Work order: Copy exactly the lines of the material below that fall between the line with "A chiseled ormolu" and the line with "また、余裕があれば「船着き場」>「注文」の順でこちらも納品していきましょう。", both of those lines included; pictures stay out.
───── Source material
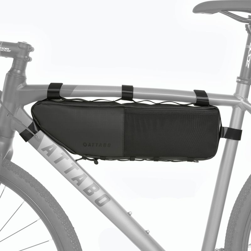 Az ATTABO Underra M 3,5 l fekete váz alatti kerékpártáska nagyobb kapacitást kínál az S modellhez képest, ami jobb felkészültséget biztosít a hosszabb utakra. A 3,5 literes használati tér lehetővé teszi, hogy ne csak javítókészletet, hanem esővédő ruházatot vagy nagyobb adag élelmet is magaddal vigyél. A táska kompakt formája nem befolyásolja negatívan a kerékpár egyensúlyát.
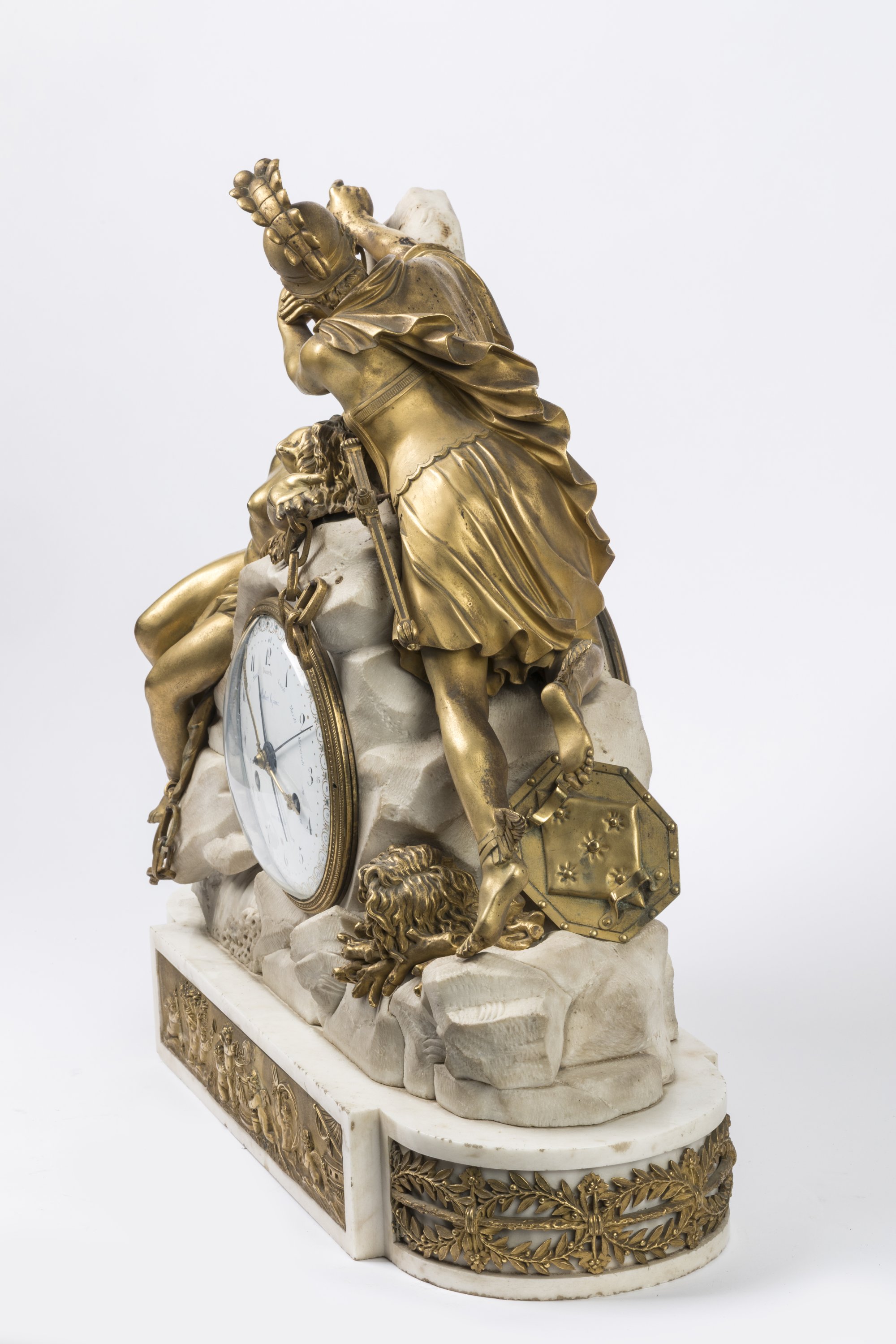 A chiseled ormolu and white marble mantel clock featuring Perseus freeing Andromeda. French Consulate-Empire Period.
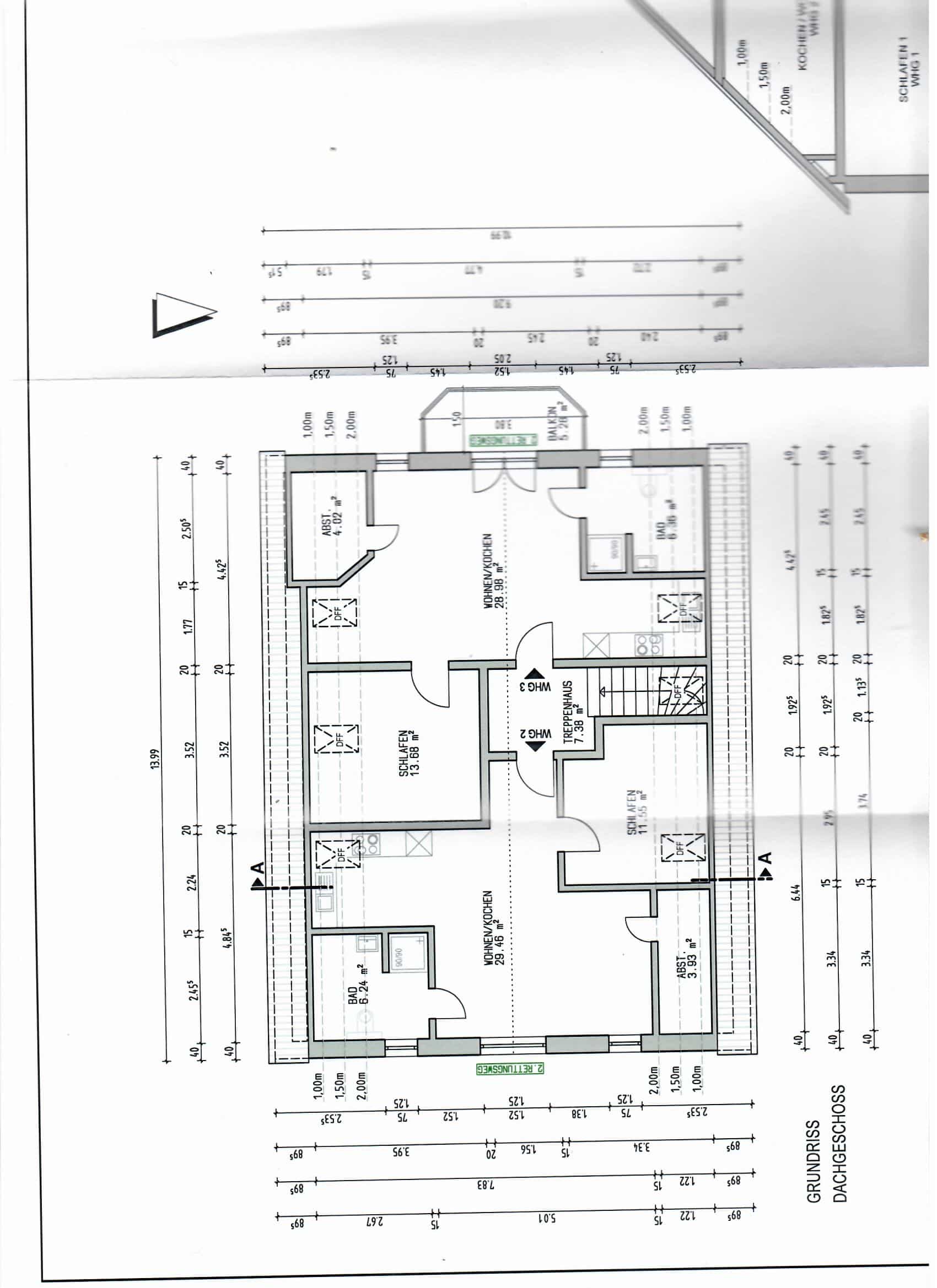Im Dachgeschoss befinden sich zwei weitere Wohnungen, die über das zentrale Treppenhaus erreichbar sind. Beide Einheiten sind nahezu spiegelgleich aufgebaut und verfügen über jeweils etwa ca. 50 m² Wohnfläche. Beim Betreten gelangen sie direkt in den offenen Wohn- und Essbereich mit integrierter Küche. Links befindet sich das Schlafzimmer, rechts das Badezimmer. Eine der beiden Wohnungen verfügt zusätzlich über einen Balkon. Beide Dachgeschosswohnungen sind derzeit vermietet; aus Gründen der Privatsphäre wurden keine Innenaufnahmen erstellt.
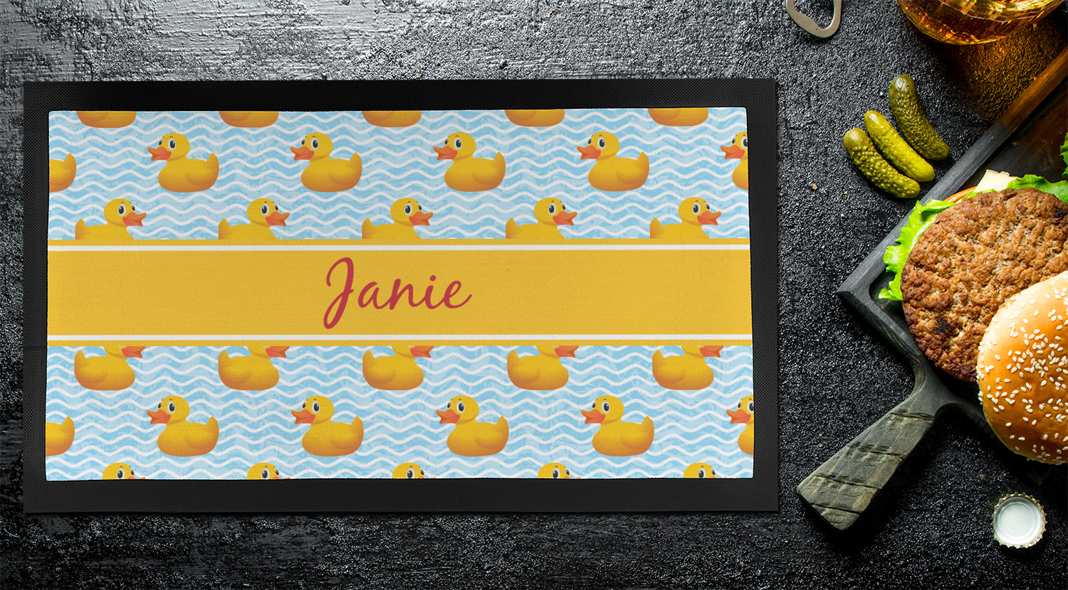 Rubber Duckies are as popular as ever. Our rubber duckie design features traditional yellow rubber duckies on a waves background. The duckies are floating around in water. Cute, adorable and simply precious are words that come to mind when looking at this design.
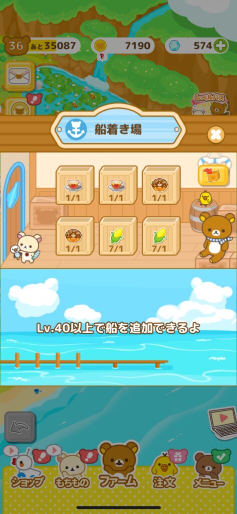 また、余裕があれば「船着き場」>「注文」の順でこちらも納品していきましょう。
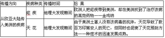 材料一?欧洲人的发现不仅导致新的全球性视野,也导致了美洲——欧亚大陆之间疾病传播,阅读下列表格
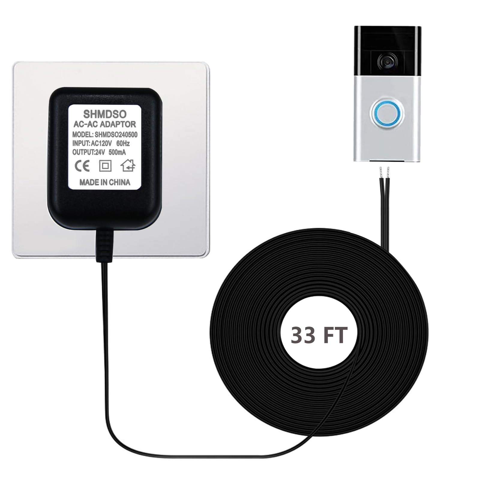 Fuente de alimentación para timbre 24V500MA, cable de salida de 33 pies de longitud, adaptador de timbre de video de 24 voltios, c
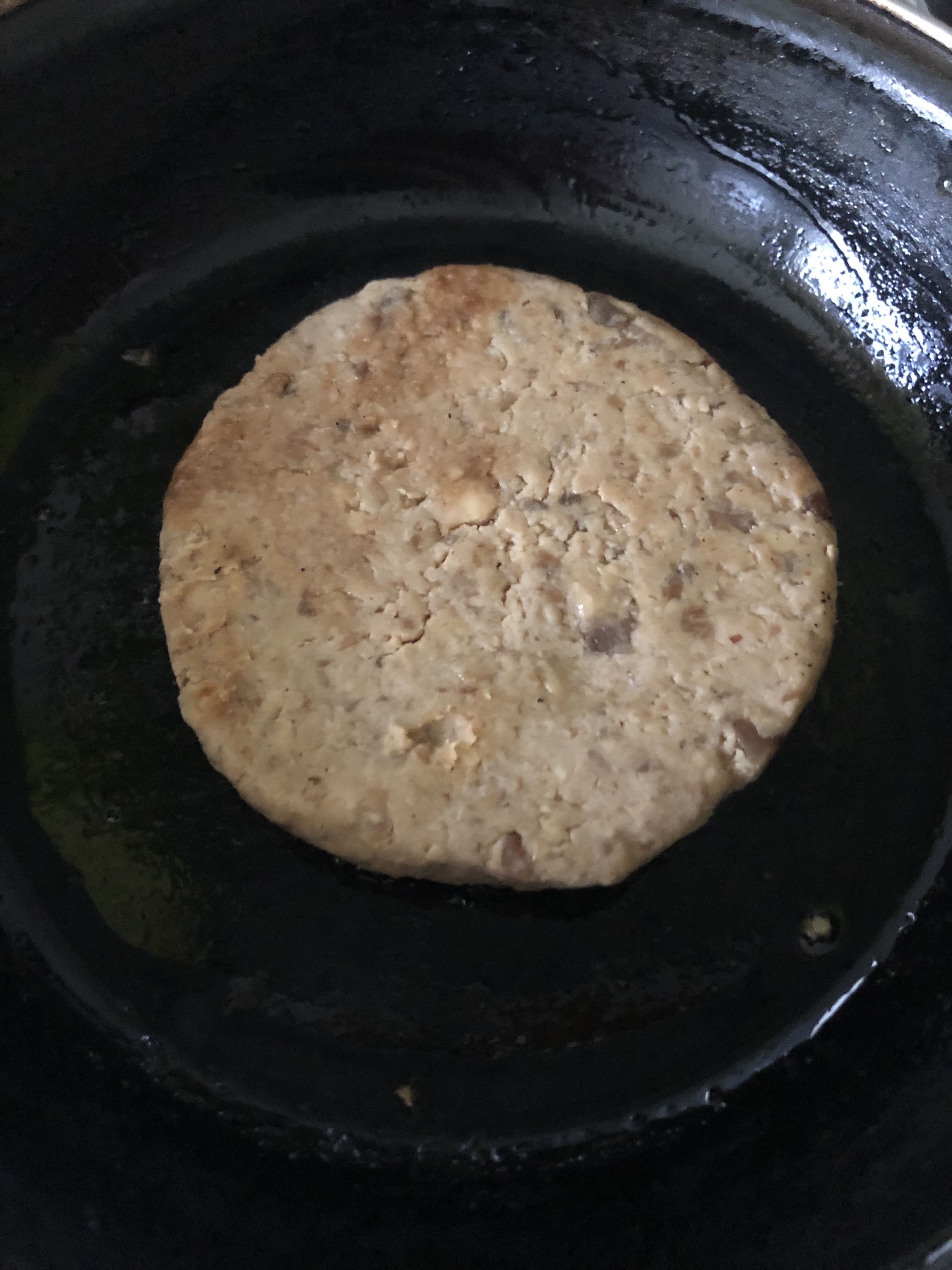 Pasado este tiempo, divide la masa en 4 raciones, haz una bola y aplasta con las manos para darle forma de hamburguesa. La masa debe quedar firme, que no se deshaga al manipularla. Si necesitas añadir un poco de harina para espesarla hazlo (en mi caso, la cantidad de humedad era perfecta para darle textura jugosa y que no se rompiera).Fríe en un poco de aceite, a fuego bajo, hasta que esté dorada por ambas partes.
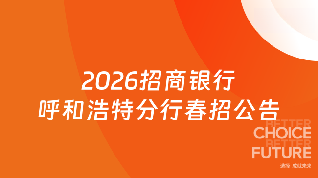 2026年招商银行呼和浩特分行春招公告发布!招聘对象为2026届本科及以上学历毕业生,专业不限,本科生需通过大学英语四级,研究生需通过大学英语六级...
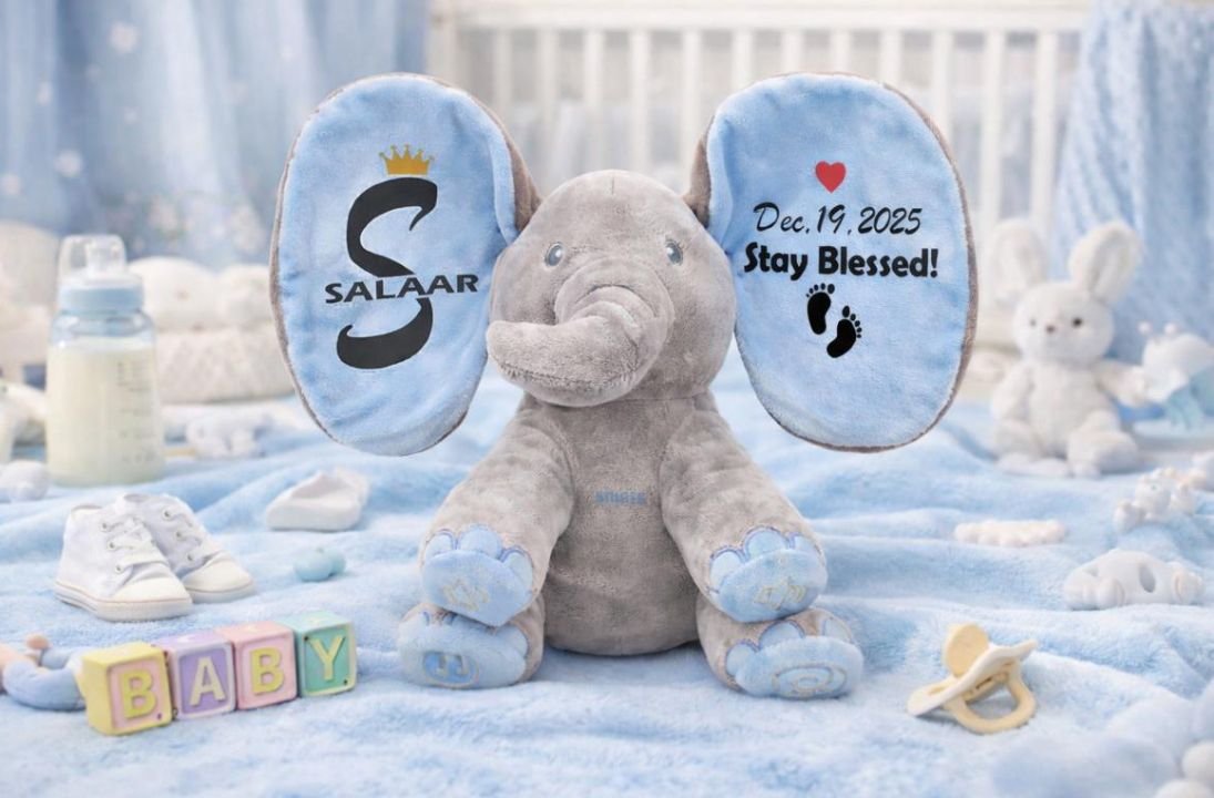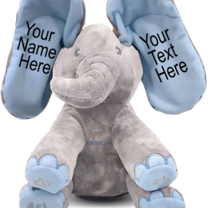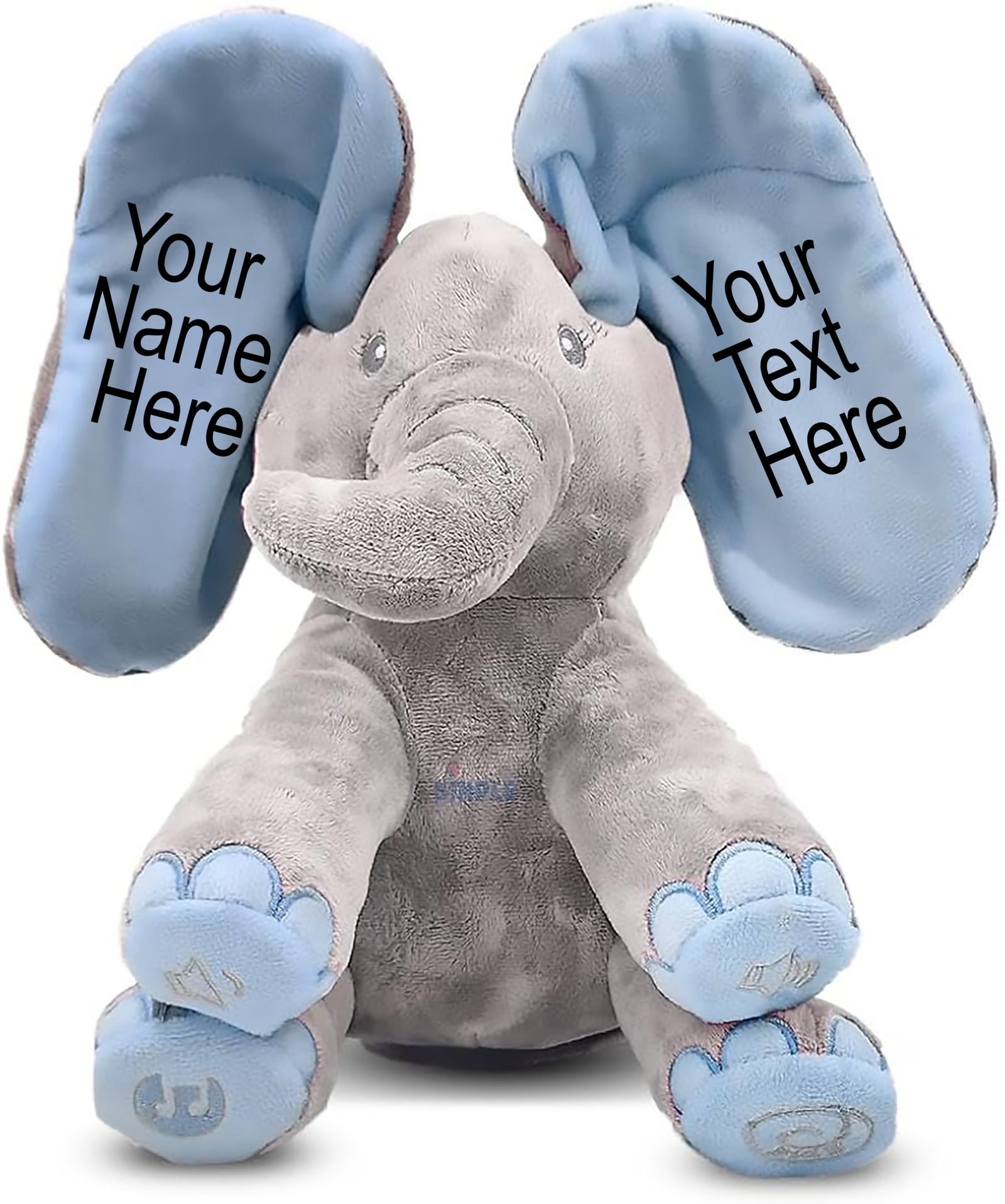 Celebrate a precious new arrival with our Personalized Elephant Plush, a soft and cuddly keepsake designed to capture lifeâs sweetest moments. This adorable elephant features custom text on both ears and is available in two beautiful color options: Blue or Pink, making it perfect for baby boys or girls.
──────────
Response to this task:
 A chiseled ormolu and white marble mantel clock featuring Perseus freeing Andromeda. French Consulate-Empire Period.
Im Dachgeschoss befinden sich zwei weitere Wohnungen, die über das zentrale Treppenhaus erreichbar sind. Beide Einheiten sind nahezu spiegelgleich aufgebaut und verfügen über jeweils etwa ca. 50 m² Wohnfläche. Beim Betreten gelangen sie direkt in den offenen Wohn- und Essbereich mit integrierter Küche. Links befindet sich das Schlafzimmer, rechts das Badezimmer. Eine der beiden Wohnungen verfügt zusätzlich über einen Balkon. Beide Dachgeschosswohnungen sind derzeit vermietet; aus Gründen der Privatsphäre wurden keine Innenaufnahmen erstellt.
 Rubber Duckies are as popular as ever. Our rubber duckie design features traditional yellow rubber duckies on a waves background. The duckies are floating around in water. Cute, adorable and simply precious are words that come to mind when looking at this design.
 また、余裕があれば「船着き場」>「注文」の順でこちらも納品していきましょう。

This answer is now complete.